When a model's historical success rate drops below 70% or average latency exceeds 5 seconds, routesmith still injects performance advisory messages into run results automatically.

## Install Configs for Hosts

Generate host-specific configuration files:

- `routesmith install claude` writes `CLAUDE.md` and merges token-saving settings into `.claude/settings.json`.
- `routesmith install codex` writes `AGENTS.md`.
- `routesmith install gemini` writes `GEMINI.md`.
- `routesmith install copilot` writes `.github/copilot-instructions.md`.
- `routesmith install cursor` writes `.cursorules`.
- `routesmith install aider` writes `.aider.conf.yml`, or `.aider.routesmith.yml` if an existing Aider config is already present.

## Auto Mode (Default)

Auto mode is the default. For a single mixed prompt, routesmith:

1. Detects the host environment
2. Classifies the prompt into task types
3. Splits into ordered subtasks with dependency resolution
4. Chooses the best host-compatible model per subtask
5. Executes (or recommends) the route
6. Returns metrics and advisory messages

### Truthful Switching

- If the host supports dynamic switching → routesmith switches
- If the host does NOT support switching → routesmith uses prompt strategy
- The result always tells you exactly what happened — no black boxes

## Contributing

Contributions are welcome!

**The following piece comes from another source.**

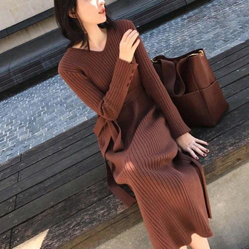 롱원피스 골지 데일리 슬림핏 스러운 긴팔 니트원피스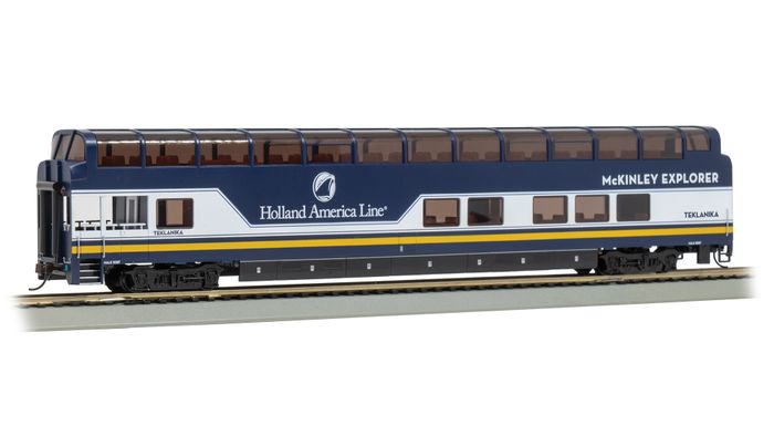 The longest and tallest passenger railcars in North America return to the Bachmann line, displaying the new unified paint scheme worn by cars on the McKinley Explorer and Denali Express luxury cruise trains. Operating over the famous Alaska Railroad, these cars give visitors the best view possible as the train navigates Denali National Park and the surrounding wilderness. With lighted, fully furnished interiors, these cars make a great addition to the recently announced McKinley Explorer and Denali Express train sets, featuring different car names and road numbers from those included in the sets.

See [CONTRIBUTING.md](CONTRIBUTING.md) for guidelines.

Development setup:

1. Clone the repository from `https://github.com/sidrat2612/routesmith.git`.
2. Change into the `routesmith` directory.
3. Create and activate a virtual environment with `python -m venv .venv` and `source .venv/bin/activate`.
4. Install dev dependencies with `pip install -e ".[dev]"`.
5. Run the test suite with `pytest`.

## Roadmap

- [x] Host detection and capability mapping
- [x] Weighted task decomposition planner
- [x] Dependency-aware execution loop
- [x] Persistent route state
- [x] MCP stdio server
- [x] Structured observability
- [x] Config-driven policy overrides
- [x] Cost-aware routing
- [x] Python policy plugins
- [x] Gemini CLI host adapter
- [x] Real-time model performance tracking
- [x] Performance-aware routing (active model switching based on tracked data)
- [x] Expanded stats UX (host/capability/source filters, JSON export, ranked performers)
- [x] Data store hardening (schema v2, migration, source-aware pruning)
- [x] Release workflow hardening (concurrency, idempotent publish)
- [ ] Additional host adapters

## License

[MIT](LICENSE) — use it anywhere.

---


Built for the multi-model future of coding agents.